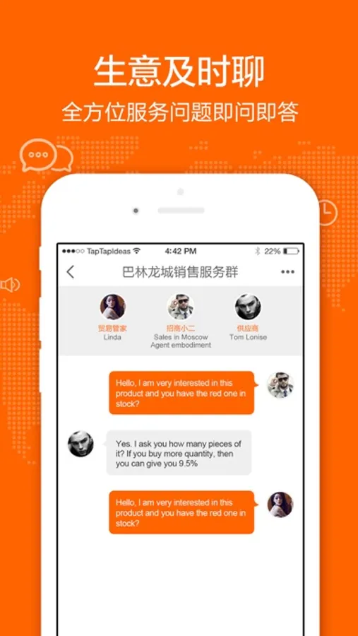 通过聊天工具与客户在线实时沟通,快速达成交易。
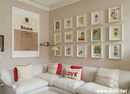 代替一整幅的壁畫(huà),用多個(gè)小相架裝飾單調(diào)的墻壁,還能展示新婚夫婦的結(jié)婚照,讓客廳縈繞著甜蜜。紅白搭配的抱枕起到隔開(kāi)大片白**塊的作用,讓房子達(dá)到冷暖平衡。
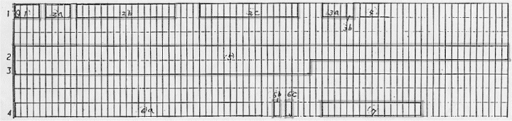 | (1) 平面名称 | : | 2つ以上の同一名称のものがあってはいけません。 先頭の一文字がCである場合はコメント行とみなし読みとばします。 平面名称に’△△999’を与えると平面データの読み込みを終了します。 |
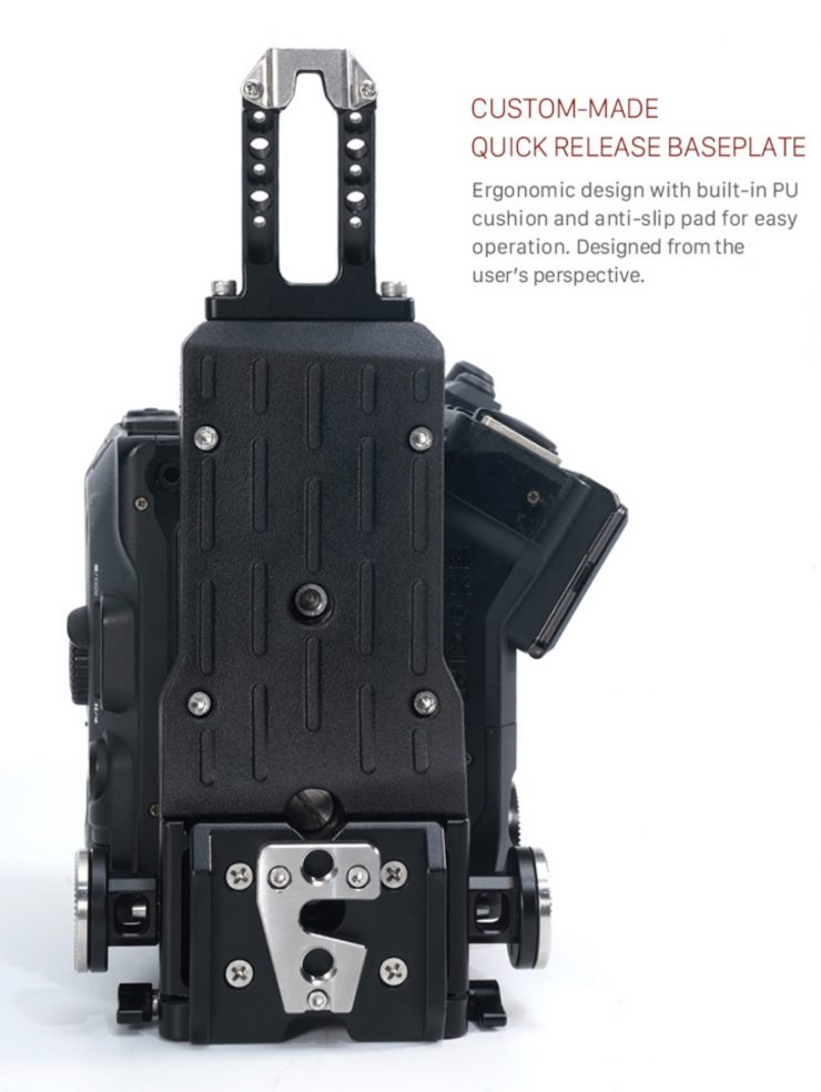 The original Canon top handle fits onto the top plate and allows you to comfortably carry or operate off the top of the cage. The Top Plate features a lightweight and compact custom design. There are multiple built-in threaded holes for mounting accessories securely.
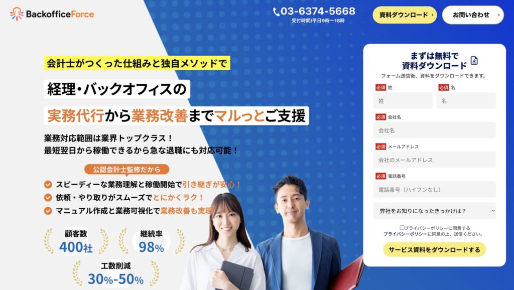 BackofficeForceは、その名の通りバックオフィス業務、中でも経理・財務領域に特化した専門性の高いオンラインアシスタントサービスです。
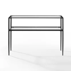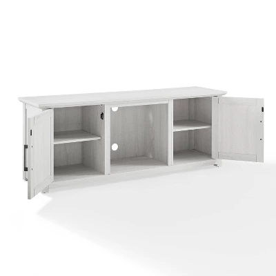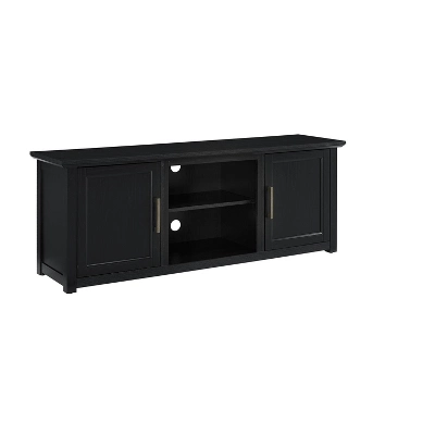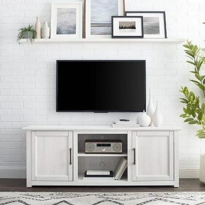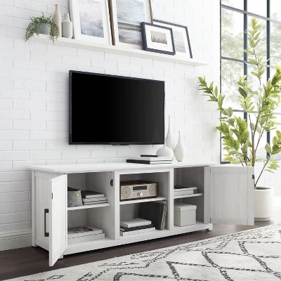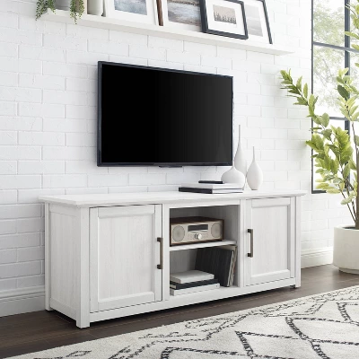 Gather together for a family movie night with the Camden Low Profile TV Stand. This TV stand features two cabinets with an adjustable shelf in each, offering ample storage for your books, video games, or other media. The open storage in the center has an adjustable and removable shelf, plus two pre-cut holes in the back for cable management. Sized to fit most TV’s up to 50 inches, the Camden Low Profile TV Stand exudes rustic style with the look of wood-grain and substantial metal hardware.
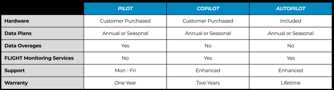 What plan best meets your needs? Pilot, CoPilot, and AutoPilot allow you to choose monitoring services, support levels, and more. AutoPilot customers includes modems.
━━━━━━━━
→ **AIM OF THE TASK**
Please give all of the data again, exact and free of pictures.

→ **OUTPUT OF THE EXERCISE**
 通过聊天工具与客户在线实时沟通,快速达成交易。
 代替一整幅的壁畫(huà),用多個(gè)小相架裝飾單調(diào)的墻壁,還能展示新婚夫婦的結(jié)婚照,讓客廳縈繞著甜蜜。紅白搭配的抱枕起到隔開(kāi)大片白**塊的作用,讓房子達(dá)到冷暖平衡。
 | (1) 平面名称 | : | 2つ以上の同一名称のものがあってはいけません。 先頭の一文字がCである場合はコメント行とみなし読みとばします。 平面名称に’△△999’を与えると平面データの読み込みを終了します。 |
 The original Canon top handle fits onto the top plate and allows you to comfortably carry or operate off the top of the cage. The Top Plate features a lightweight and compact custom design. There are multiple built-in threaded holes for mounting accessories securely.
 BackofficeForceは、その名の通りバックオフィス業務、中でも経理・財務領域に特化した専門性の高いオンラインアシスタントサービスです。
 Gather together for a family movie night with the Camden Low Profile TV Stand. This TV stand features two cabinets with an adjustable shelf in each, offering ample storage for your books, video games, or other media. The open storage in the center has an adjustable and removable shelf, plus two pre-cut holes in the back for cable management. Sized to fit most TV’s up to 50 inches, the Camden Low Profile TV Stand exudes rustic style with the look of wood-grain and substantial metal hardware.
 What plan best meets your needs? Pilot, CoPilot, and AutoPilot allow you to choose monitoring services, support levels, and more. AutoPilot customers includes modems.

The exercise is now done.